Читаем Светка – астральное тело полностью

Именно со Швачкиным, с обновленным, перерожденным, преображенным Федором Ивановичем Швачкиным решил Шереметьев обсудить Светкину судьбу, шефство над ней материальное, образовательное, интеллектуальное. Пробуждение и побуждение к творчеству, к общенародной деятельности, ко всеобщему духовному благу. Кому иному, как не Федору Ивановичу, бросившему семена разумного, доброго, вечного в заплетенную сорняками душу проповедников нравственности, было претворять в жизнь собственные призывы!

Завтра же.

Когда назавтра Максим Максимович без доклада (Анастасия Михайловна поощряюще улыбнулась: «Ну, разумеется, проходите, о чем речь?») вступил в бликующие пространства кабинета, Швачкин с боевым усилием, но доброжелательно поднялся навстречу. Скрип начальственного кресла, как стон, отозвался в Шереметьеве, он замахал руками:

– Сидите, сидите, избави Бог, Федор Иванович!

Если кто-то приходил к Швачкину не по вызову, а по собственной необходимости, Федор Иванович начинал разговор неизменным, без интонаций: «Слушаю вас». Нынче же:

– Что новенького, Максим Максимович?

Благодарная нежность сжала горло Шереметьеву. «Какой все-таки удивительный кабинет, все продумано, красиво, строго, никакой показухи. Всяких там призов и атрибутов ложной учености. Кабинет ученого и руководителя», – подумал он. И сказал:

– Есть новости, Федор Иванович. И к вам – первому.

– Польщен, – без иронии ответил Швачкин.

«А на самом деле…» – начал было привычную двухслойность беседы Максим Максимович, но укорил себя и выпалил:

– Ваша метафора о снегопаде, помните, «прототип небытия» – украдена.

– Кем? – недоверчиво двинул бровями Федор Иванович. – Не такое уж откровение. Кому понадобилось?

– Стихи произошли. От вашей строчки произошли стихи. А я ведь думал, что уже навсегда нем.

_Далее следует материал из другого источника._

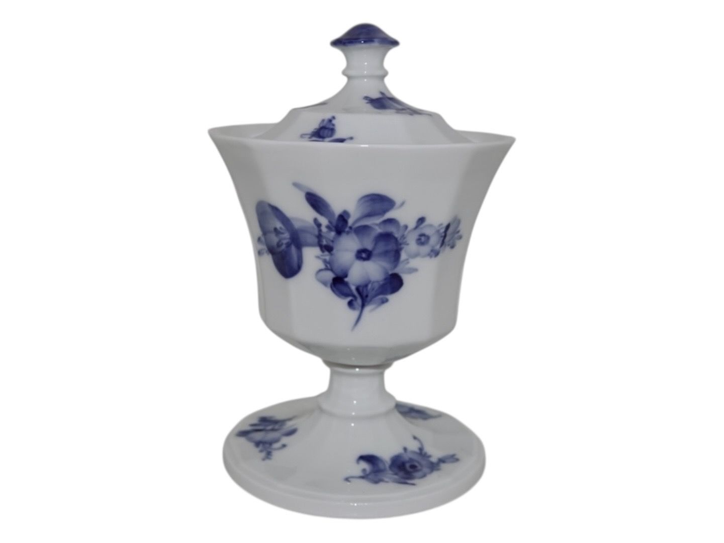 Royal Copenhagen Blue Flower Angular, rare lidded marmalade jar on stand.

– Так, слава Богу. Поздравляю блудного сына с возвратом в лоно поэзии. Только уж никак не думал, что могу стать побудителем. Но слава Богу. И в благодарность могу вам тоже покаяться: я же знаю – к творчеству не способен. А для таких высшей радости нет, если хоть искрой в чужой костер. Читайте.

Шереметьев видел: все правда, рад, хочет услышать стихи.

– Читайте. Немедленно читайте, – повторил Швачкин.

– В театре снега шел Исход…

Шереметьев кончил. Швачкин слушал задумчиво, сказал:

– Еще раз, пожалуйста. Я же не Россини, а хочется уловить все. – И после повторного чтения: – Да, и мне бы такой роли, Господи, «стать тоской или строкой». Однако, увы, мои-то строчки истлеют, за небо не зацепившись, да и тосковать обо мне будет некому. – Подлинная грусть звучала в голосе Федора Ивановича. – Не будет Швачкина, все некрологом исчерпается. В близком предвидении конца надо уметь себе в этом отдать отчет. Разве что, – он улыбнулся с совсем уж невыразимой грустью, – в комментарии к вашему стихотворному сборнику кто-нибудь поместит: «Как рассказывал автор, толчком к написанию этого стихотворения был разговор с Ф.И. Швачкиным».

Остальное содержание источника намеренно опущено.